* _The input_:
---+---
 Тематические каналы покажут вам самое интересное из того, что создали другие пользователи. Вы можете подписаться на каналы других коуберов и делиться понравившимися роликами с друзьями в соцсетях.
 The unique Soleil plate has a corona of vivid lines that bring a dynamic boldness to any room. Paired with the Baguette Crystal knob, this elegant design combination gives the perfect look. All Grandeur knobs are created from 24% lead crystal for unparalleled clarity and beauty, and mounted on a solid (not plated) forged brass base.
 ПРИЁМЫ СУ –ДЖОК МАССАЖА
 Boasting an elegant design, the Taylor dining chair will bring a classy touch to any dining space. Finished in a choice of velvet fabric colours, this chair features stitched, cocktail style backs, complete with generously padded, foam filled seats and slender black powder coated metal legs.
---+---
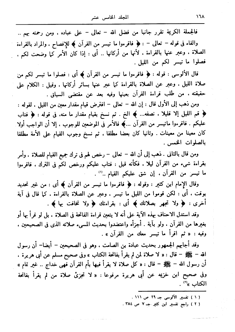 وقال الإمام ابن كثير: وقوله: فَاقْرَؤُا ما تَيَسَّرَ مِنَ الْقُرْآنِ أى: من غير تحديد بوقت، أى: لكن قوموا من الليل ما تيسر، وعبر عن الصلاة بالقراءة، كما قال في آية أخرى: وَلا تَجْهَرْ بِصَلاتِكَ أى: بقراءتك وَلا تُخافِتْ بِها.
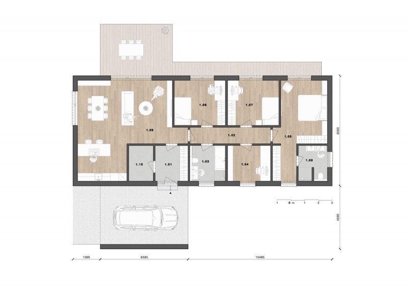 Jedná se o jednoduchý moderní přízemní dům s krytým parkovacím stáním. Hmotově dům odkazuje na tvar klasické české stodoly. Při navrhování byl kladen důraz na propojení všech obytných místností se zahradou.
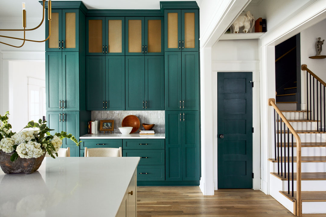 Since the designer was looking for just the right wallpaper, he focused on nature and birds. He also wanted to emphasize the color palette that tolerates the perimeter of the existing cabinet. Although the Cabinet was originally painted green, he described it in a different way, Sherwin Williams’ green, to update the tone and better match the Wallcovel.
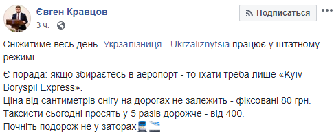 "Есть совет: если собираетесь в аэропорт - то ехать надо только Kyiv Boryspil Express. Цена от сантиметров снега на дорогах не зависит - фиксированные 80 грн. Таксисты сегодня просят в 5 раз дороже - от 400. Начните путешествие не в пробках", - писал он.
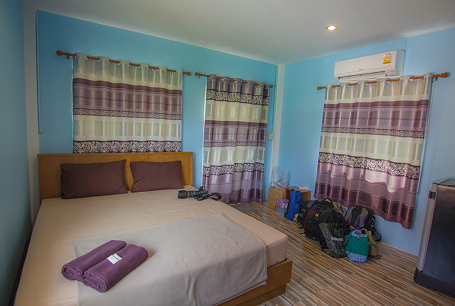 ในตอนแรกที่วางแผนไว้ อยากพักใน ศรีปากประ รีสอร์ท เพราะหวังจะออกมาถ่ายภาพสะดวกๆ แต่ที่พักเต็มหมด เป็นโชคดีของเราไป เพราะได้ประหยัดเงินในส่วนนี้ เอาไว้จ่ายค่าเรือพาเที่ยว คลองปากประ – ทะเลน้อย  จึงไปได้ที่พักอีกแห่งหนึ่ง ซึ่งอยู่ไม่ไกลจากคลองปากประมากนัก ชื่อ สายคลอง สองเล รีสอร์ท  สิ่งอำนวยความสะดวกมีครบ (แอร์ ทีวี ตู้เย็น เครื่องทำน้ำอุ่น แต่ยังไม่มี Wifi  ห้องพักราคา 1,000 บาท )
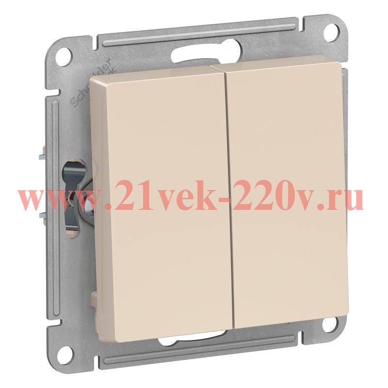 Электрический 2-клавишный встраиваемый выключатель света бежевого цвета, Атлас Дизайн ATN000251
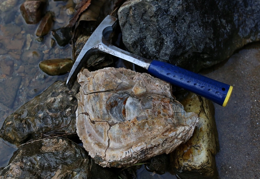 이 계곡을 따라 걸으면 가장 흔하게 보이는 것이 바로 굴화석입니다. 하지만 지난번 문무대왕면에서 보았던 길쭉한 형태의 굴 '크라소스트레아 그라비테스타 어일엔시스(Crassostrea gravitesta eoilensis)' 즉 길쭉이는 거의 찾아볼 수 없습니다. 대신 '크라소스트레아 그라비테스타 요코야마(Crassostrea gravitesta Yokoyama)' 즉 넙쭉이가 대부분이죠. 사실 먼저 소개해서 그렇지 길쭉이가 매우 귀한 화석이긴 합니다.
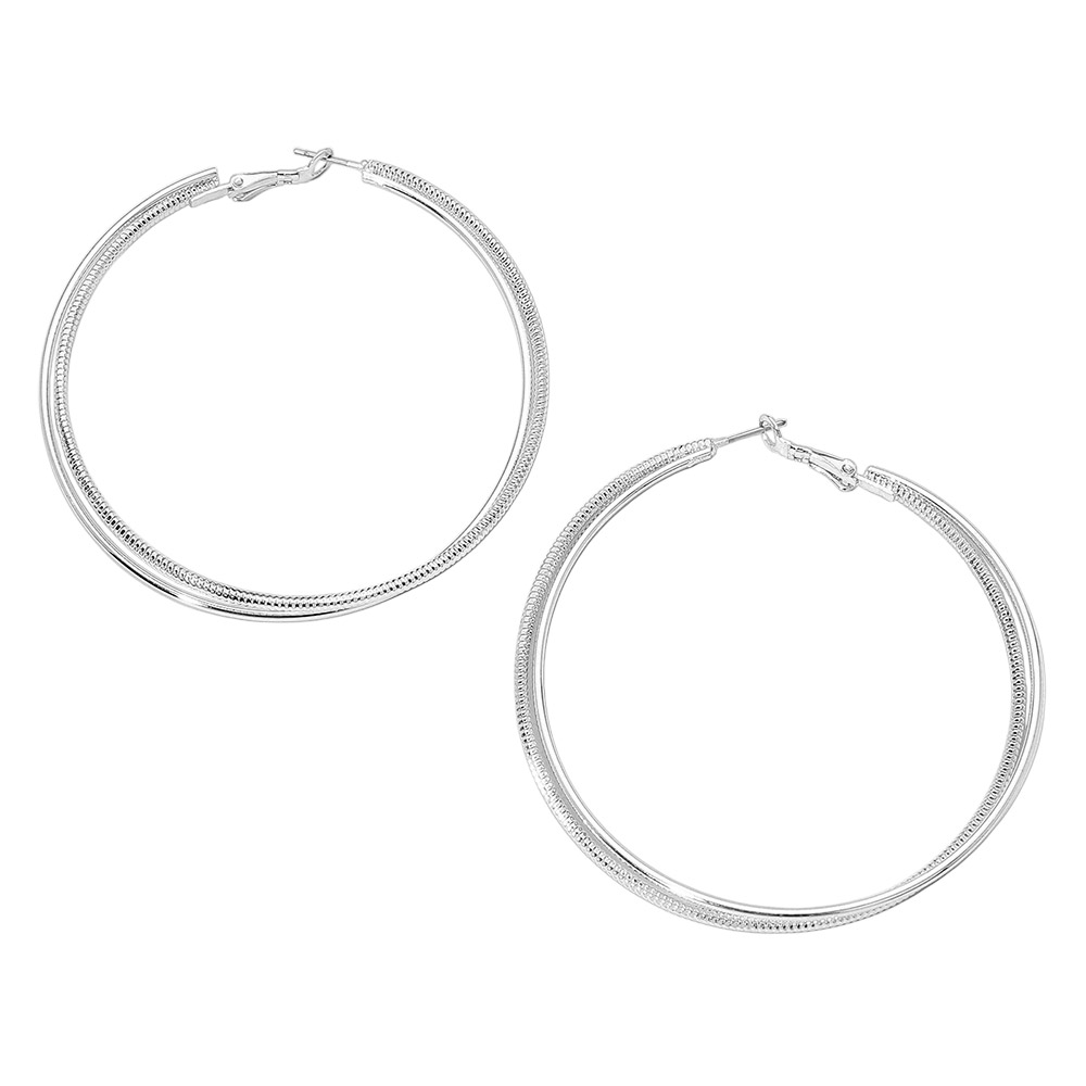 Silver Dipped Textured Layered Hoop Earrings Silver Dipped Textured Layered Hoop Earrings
---+---
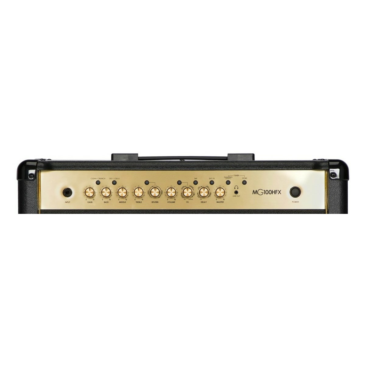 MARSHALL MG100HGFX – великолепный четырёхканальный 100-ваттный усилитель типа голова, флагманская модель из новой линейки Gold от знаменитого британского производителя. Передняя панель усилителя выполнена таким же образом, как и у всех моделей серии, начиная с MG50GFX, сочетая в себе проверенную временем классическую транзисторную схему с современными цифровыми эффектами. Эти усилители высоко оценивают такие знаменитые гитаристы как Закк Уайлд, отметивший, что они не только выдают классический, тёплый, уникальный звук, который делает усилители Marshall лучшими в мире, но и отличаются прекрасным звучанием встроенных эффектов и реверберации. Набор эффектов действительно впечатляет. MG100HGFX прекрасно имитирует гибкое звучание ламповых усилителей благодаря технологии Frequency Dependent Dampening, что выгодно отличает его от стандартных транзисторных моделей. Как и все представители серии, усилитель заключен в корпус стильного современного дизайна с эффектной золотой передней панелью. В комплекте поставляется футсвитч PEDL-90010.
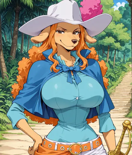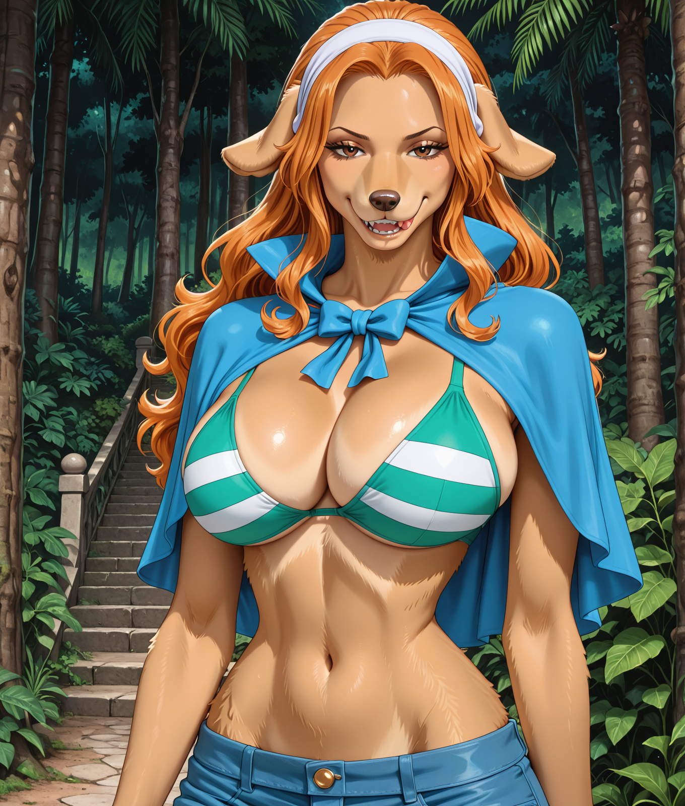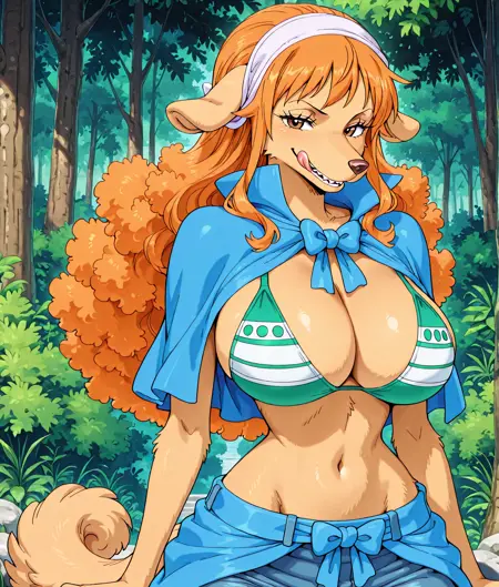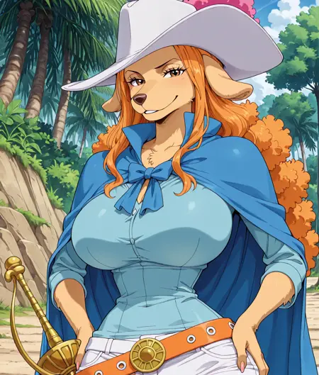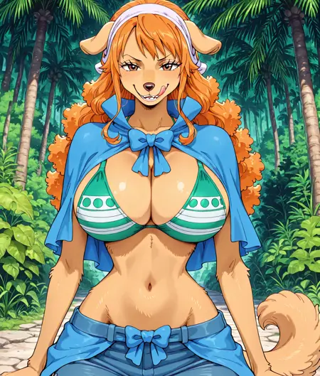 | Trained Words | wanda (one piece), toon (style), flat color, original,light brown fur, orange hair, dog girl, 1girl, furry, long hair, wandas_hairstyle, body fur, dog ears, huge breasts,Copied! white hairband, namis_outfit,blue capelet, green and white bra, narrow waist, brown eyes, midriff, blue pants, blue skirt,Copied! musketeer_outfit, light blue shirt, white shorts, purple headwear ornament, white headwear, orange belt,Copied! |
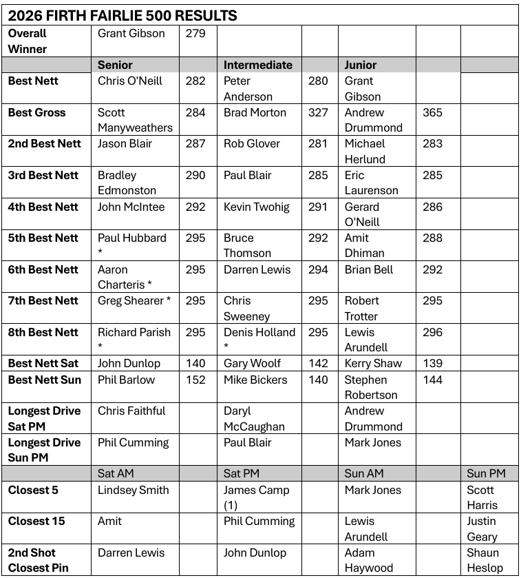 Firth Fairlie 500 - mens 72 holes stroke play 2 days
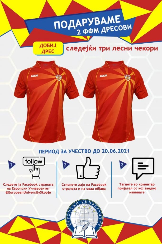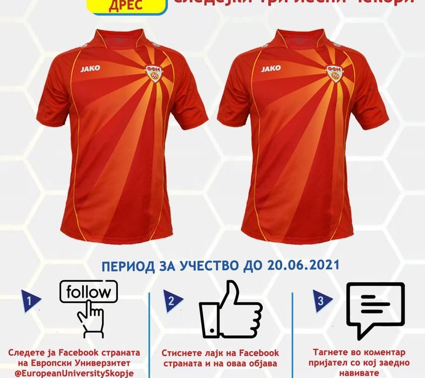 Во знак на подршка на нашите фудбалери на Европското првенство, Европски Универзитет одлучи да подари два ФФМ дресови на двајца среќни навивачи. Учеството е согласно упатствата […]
---+---
* _Exercise_:
Copy every line from the data that includes the string "bring".

* _Solution for this problem_:
 The unique Soleil plate has a corona of vivid lines that bring a dynamic boldness to any room. Paired with the Baguette Crystal knob, this elegant design combination gives the perfect look. All Grandeur knobs are created from 24% lead crystal for unparalleled clarity and beauty, and mounted on a solid (not plated) forged brass base.
 Boasting an elegant design, the Taylor dining chair will bring a classy touch to any dining space. Finished in a choice of velvet fabric colours, this chair features stitched, cocktail style backs, complete with generously padded, foam filled seats and slender black powder coated metal legs.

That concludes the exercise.